WHAT THE EXERCISE ASKS: Find the line below with "Um clássico, design" and the line with "一回り小さな洗濯パンに交換することで、一回り大きい洗面台を設置". Output exactly those lines and everything between them, leaving out the pictures.

DATA FOR PROCESSING:
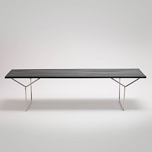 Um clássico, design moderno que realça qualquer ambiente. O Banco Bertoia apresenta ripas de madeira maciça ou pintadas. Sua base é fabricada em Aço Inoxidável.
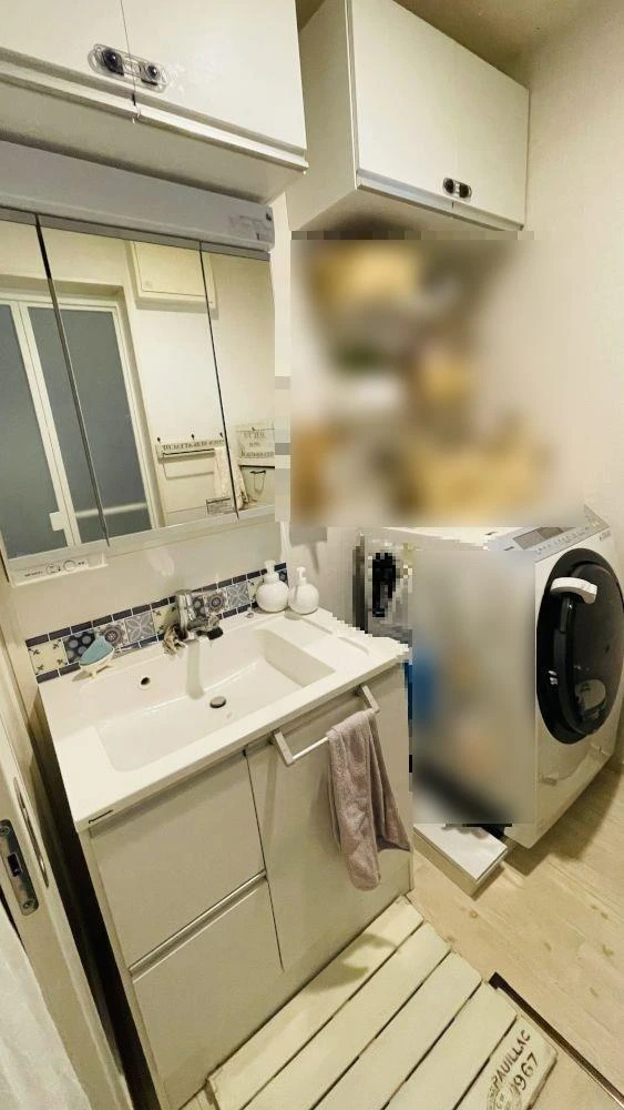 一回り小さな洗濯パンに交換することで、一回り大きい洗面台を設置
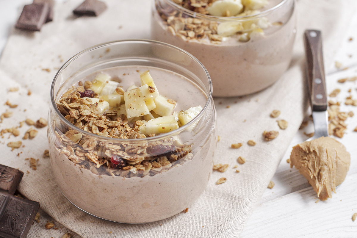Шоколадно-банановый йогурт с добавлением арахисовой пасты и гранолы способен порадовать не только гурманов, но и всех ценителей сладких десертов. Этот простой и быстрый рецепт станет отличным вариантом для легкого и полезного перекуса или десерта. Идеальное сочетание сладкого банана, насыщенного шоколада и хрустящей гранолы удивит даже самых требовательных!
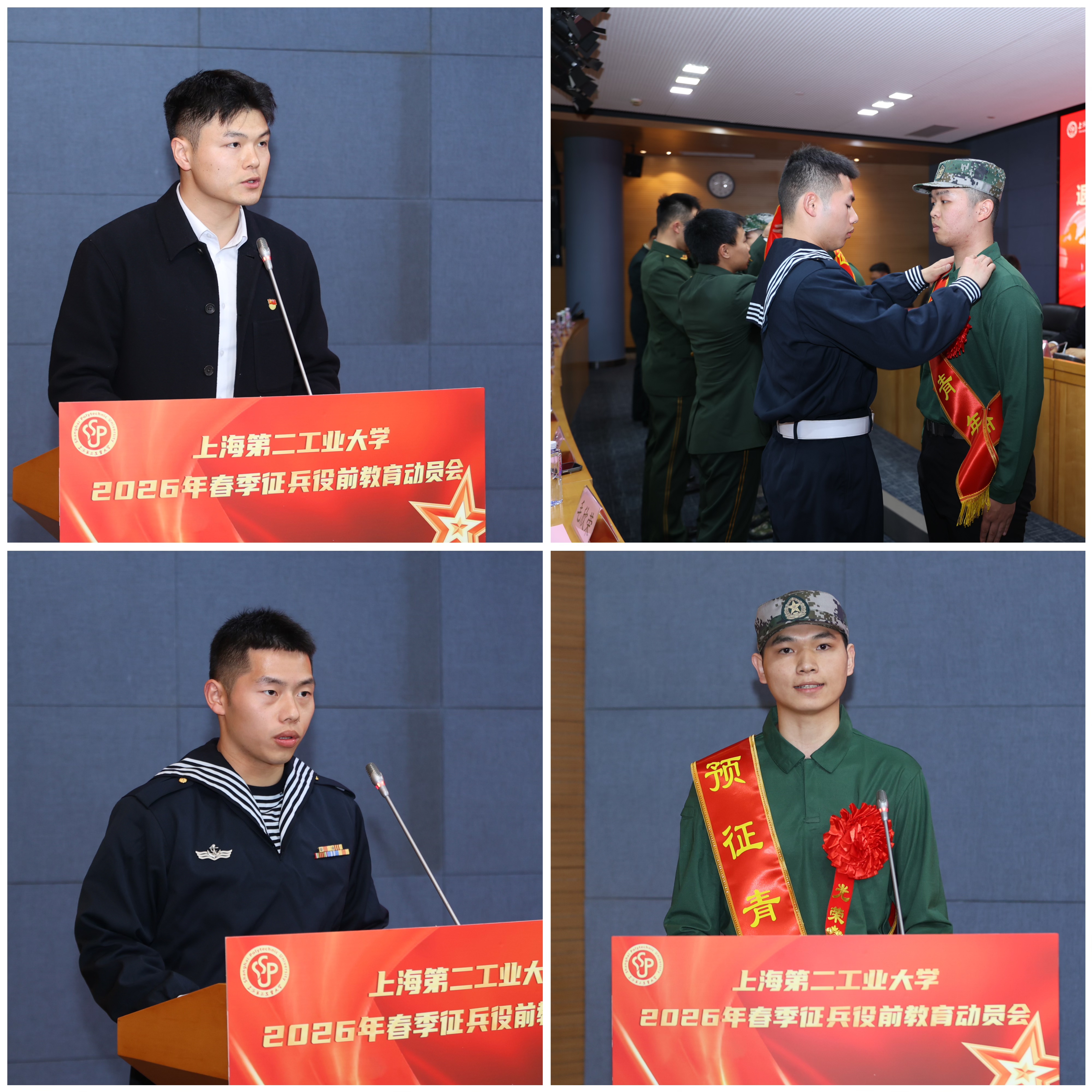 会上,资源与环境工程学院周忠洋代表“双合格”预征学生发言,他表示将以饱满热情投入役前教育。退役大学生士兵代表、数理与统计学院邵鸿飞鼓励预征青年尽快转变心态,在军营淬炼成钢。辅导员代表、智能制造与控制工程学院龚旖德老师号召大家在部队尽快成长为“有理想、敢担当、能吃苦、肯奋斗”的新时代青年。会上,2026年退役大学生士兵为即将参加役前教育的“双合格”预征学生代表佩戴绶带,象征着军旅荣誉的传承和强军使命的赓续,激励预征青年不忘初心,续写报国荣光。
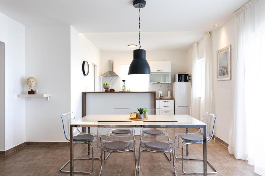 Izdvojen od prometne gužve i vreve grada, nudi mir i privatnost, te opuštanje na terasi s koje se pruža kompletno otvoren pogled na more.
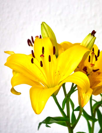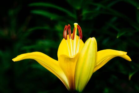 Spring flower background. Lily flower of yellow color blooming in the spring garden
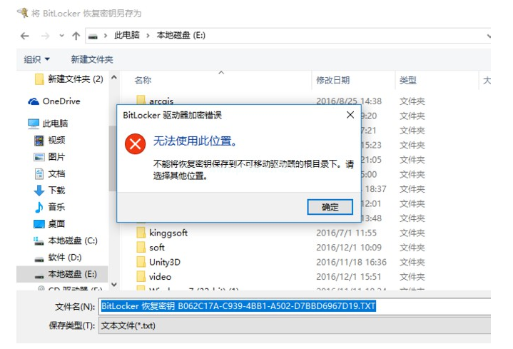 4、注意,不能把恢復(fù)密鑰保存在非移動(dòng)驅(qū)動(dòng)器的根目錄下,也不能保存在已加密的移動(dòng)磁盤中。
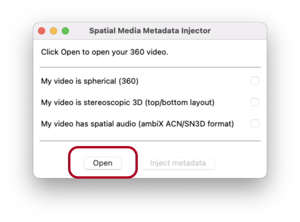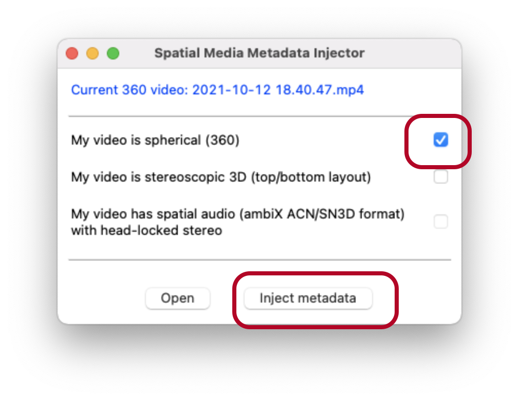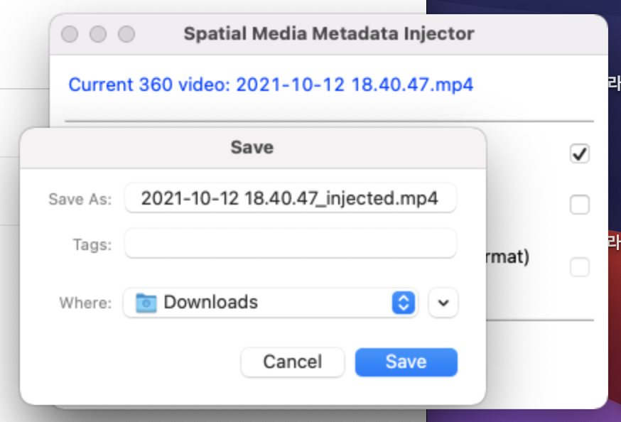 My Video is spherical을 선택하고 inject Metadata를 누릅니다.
...
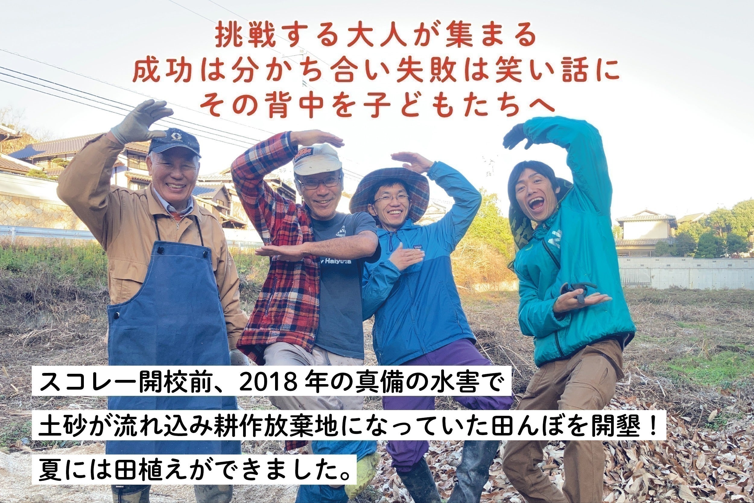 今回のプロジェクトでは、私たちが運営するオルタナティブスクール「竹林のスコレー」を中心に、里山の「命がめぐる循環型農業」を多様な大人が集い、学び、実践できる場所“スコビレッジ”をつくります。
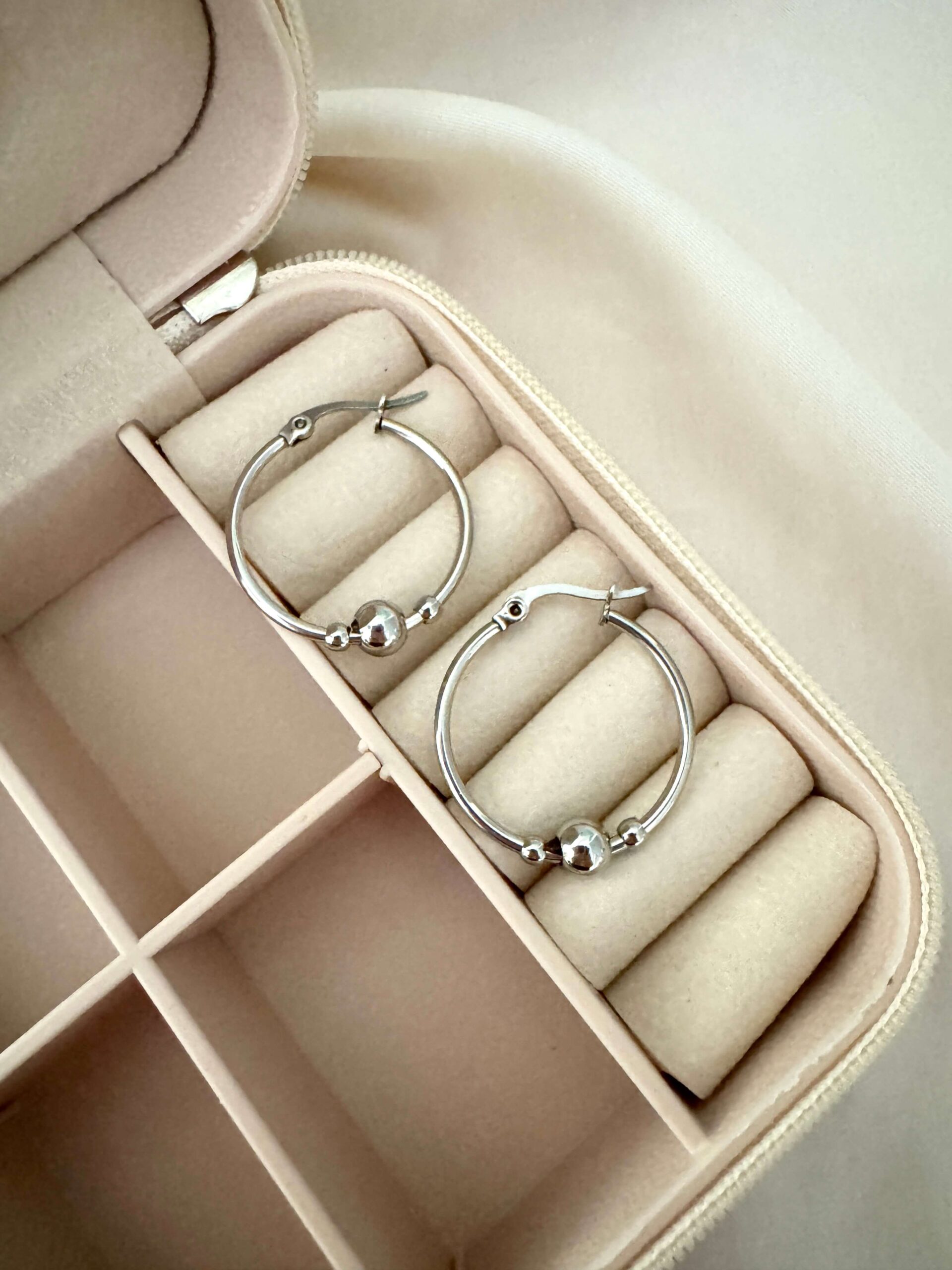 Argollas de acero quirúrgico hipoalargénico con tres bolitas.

SOLVED EXERCISE:
 Um clássico, design moderno que realça qualquer ambiente. O Banco Bertoia apresenta ripas de madeira maciça ou pintadas. Sua base é fabricada em Aço Inoxidável.
 一回り小さな洗濯パンに交換することで、一回り大きい洗面台を設置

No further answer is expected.